GrayCo just wrote a very big check to plant its flag in one of Charlotte’s buzziest neighborhoods.
The Richmond-based investor has acquired NoDa Flats, a 273-unit apartment community in the heart of the NoDa arts and entertainment district, from TA Realty. The sale closed in early February at a price of roughly $75 million, bringing another institutional owner into one of the city’s most aggressively courted infill pockets.
According to The Real Deal, GrayCo paid about $75 million, or roughly $275,000 per unit, for NoDa Flats. Multi-Housing News reports the purchase was supported by an acquisition loan of roughly $44 million from TIAA and notes that TA Realty had acquired the asset in 2021. Industry watchers say that pricing lines up with steady demand for stabilized, transit-adjacent multifamily in the Charlotte market.

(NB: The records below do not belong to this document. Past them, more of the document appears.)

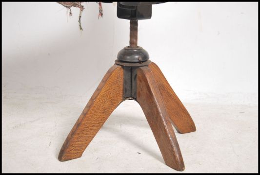 A 1920's Industrial oak clerks swivel office chair being raised on a quadruped base with overstuffed seat and back rest. Measures:  90cms high x 45cms wide x 44cms deep.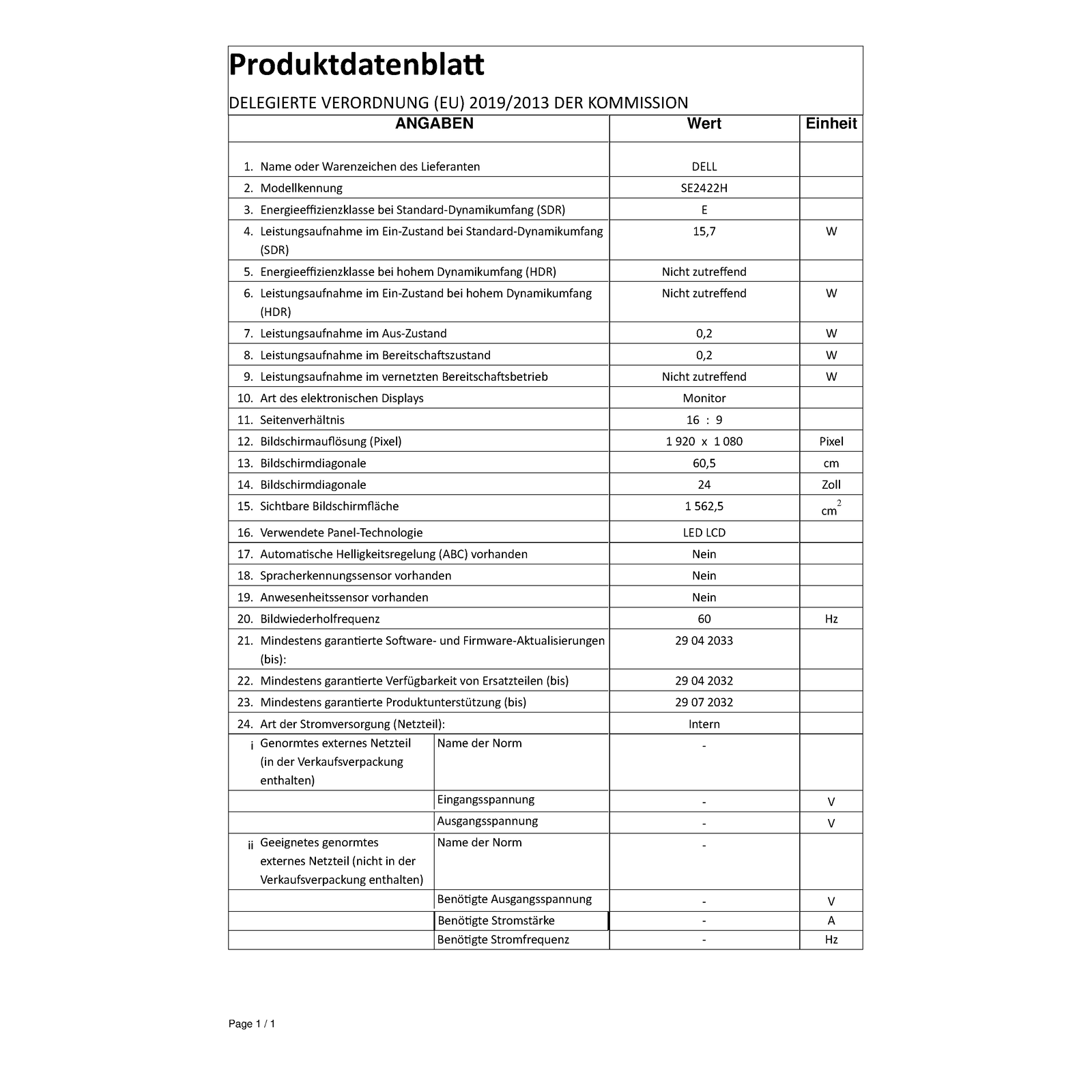- 24 Monitor - SE2422H- 60.5cm (23.8’’)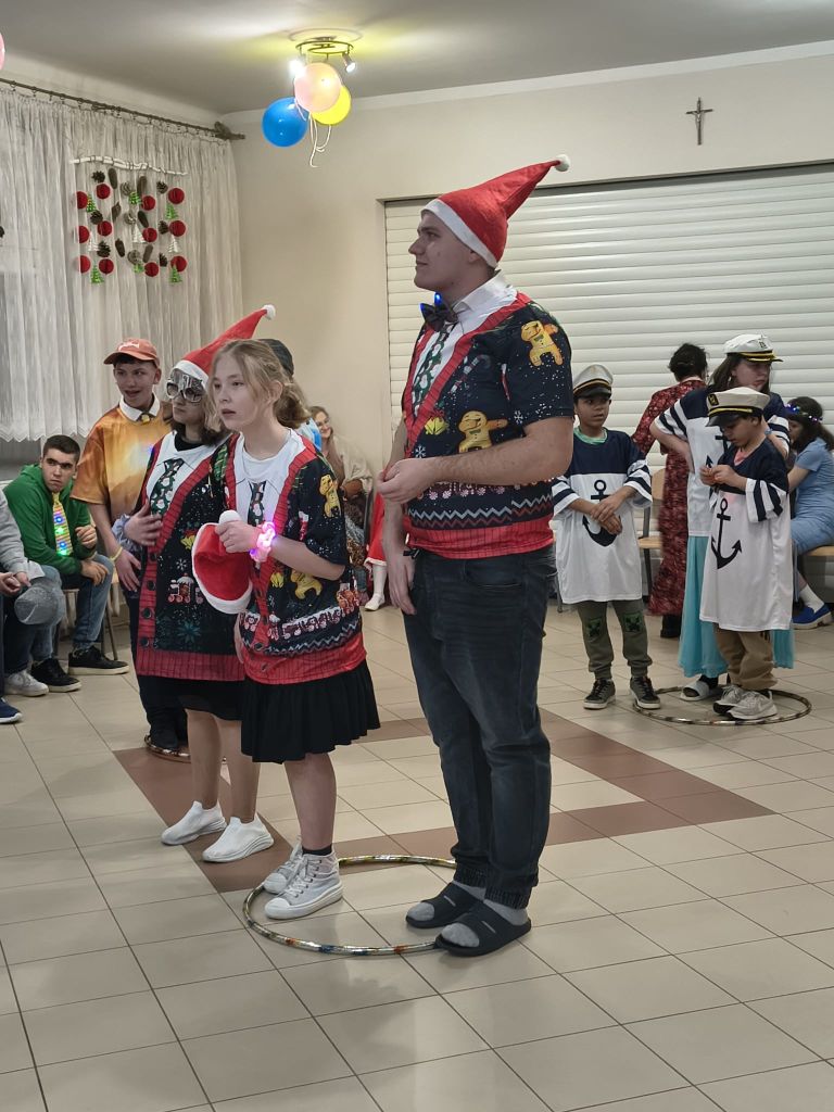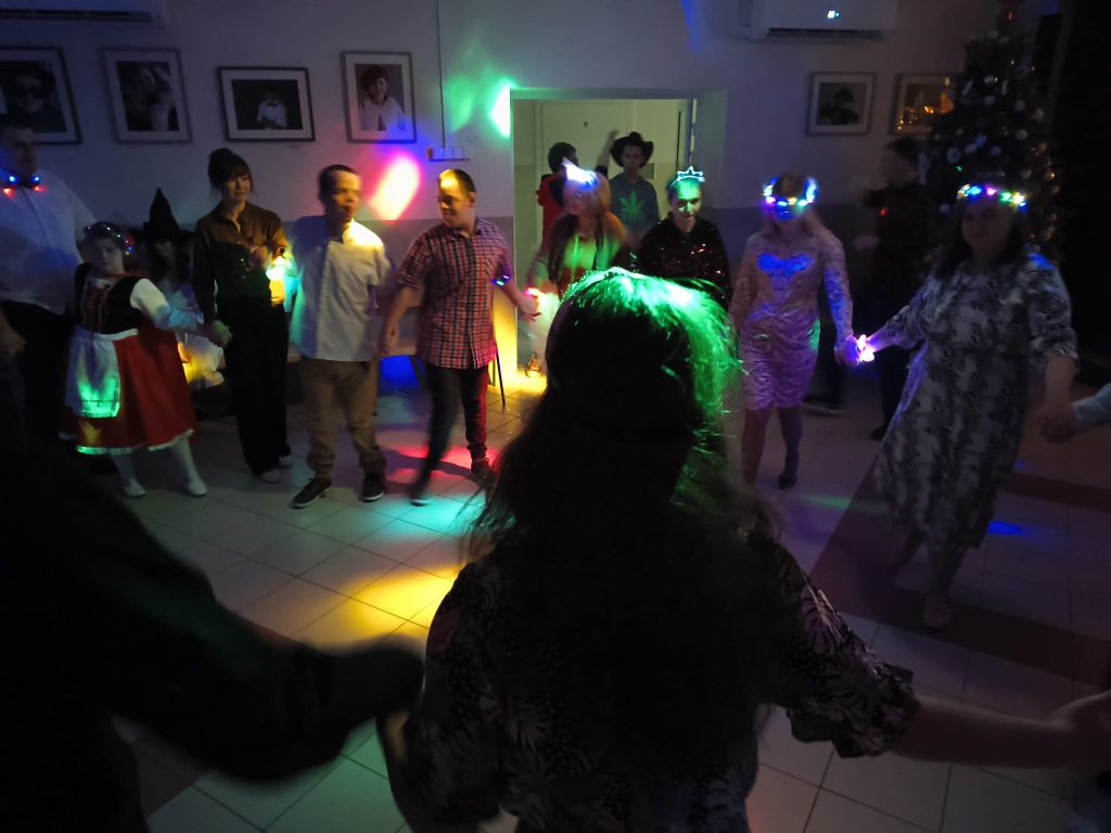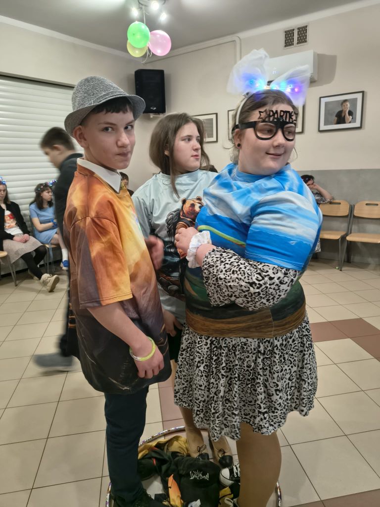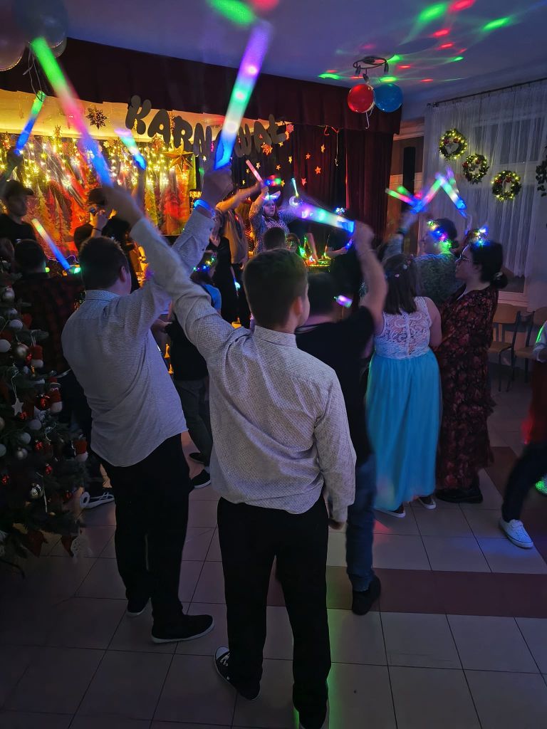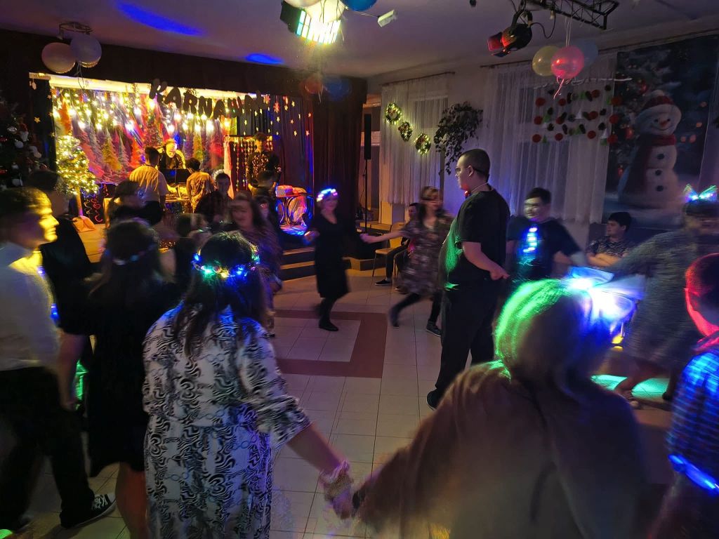 We wtorek 27.01.2026r. odbyła się zabawa karnawałowa. Były tańce do późnych godzin wieczornych. O oprawę muzyczną zadbał nasz niezawodny DJ Piotr (nauczyciel-wychowawca), który miksował muzyczne kawałki i zagrzewał wszystkich do tańca na parkiecie. Oprócz dobrej muzyki, było dużo kolorowego światła, bo wychowankowie otrzymali barwne, świecące gadżety (bransoletki, opaski, krawaty, itd.). Największym zaskoczeniem był jednak świetlny, kolorowy motyl. Wcieliła się w niego p. Marysia, która swojego przebrania użyczała chętnym wychowankom. Taniec i śpiew potrafią zmęczyć więc nie zabrakło przerwy na małą pączkową przekąskę. Przecież tłusty czwartek tuż, tuż 😊. Wytchnieniem dla bolących od tańca nóg, był także konkurs sprawnościowy. Zwycięzcami byli wszyscy, bo każdy dobrze się bawił, „Tak się bawi, tak się bawi… Internat!”.

Property details compiled by CoStar show NoDa Flats at 2509 North Davidson Street, where two four-story buildings sit on roughly three acres. The community offers one- to three-bedroom units ranging from about 585 to 1,810 square feet, plus roughly 4,700 square feet of retail, a clubhouse, fitness center, pool and more than 400 parking spaces. Sources disagree on when the property officially opened: CoStar lists 2020, while other reporting points to completion in 2021.
Why NoDa?
NoDa’s arts-and-nightlife strip has long punched above its weight, drawing renters who want murals, music and breweries within walking distance. That mix, plus a steady stream of independent businesses, keeps the neighborhood near the top of investors’ wish lists.
The community is within walking distance of the 25th Street LYNX Blue Line stop, according to CATS, a transit connection that has helped fuel development along North Davidson Street. Local coverage from WFAE has highlighted revived arts markets and festivals that keep NoDa’s creative identity front and center, which does not exactly hurt when you are marketing apartments a short walk away.
Market context
Charlotte’s apartment investment market has been choosy recently: fewer trades overall, but higher prices when deals actually happen. Yardi Matrix data cited by Multi-Housing News shows the metro logged about $1.9 billion in multifamily sales in 2025, with average per-unit pricing above $200,000. In that light, an amenity-heavy, infill asset like NoDa Flats hitting at around $275,000 per unit is very much on trend.
What this means
Reporting indicates GrayCo’s in-house management arm will take over day-to-day operations at NoDa Flats, which suggests a fairly smooth handoff for current residents. For tenants and neighboring businesses, the deal is another signal that NoDa is firmly on institutional investors’ radar and is likely to stay there.
In practical terms, the sale reinforces Charlotte’s infill story: transit-oriented, amenity-rich pockets like NoDa continue to pull in professionally managed housing and retail, even as the broader investment market stays selective.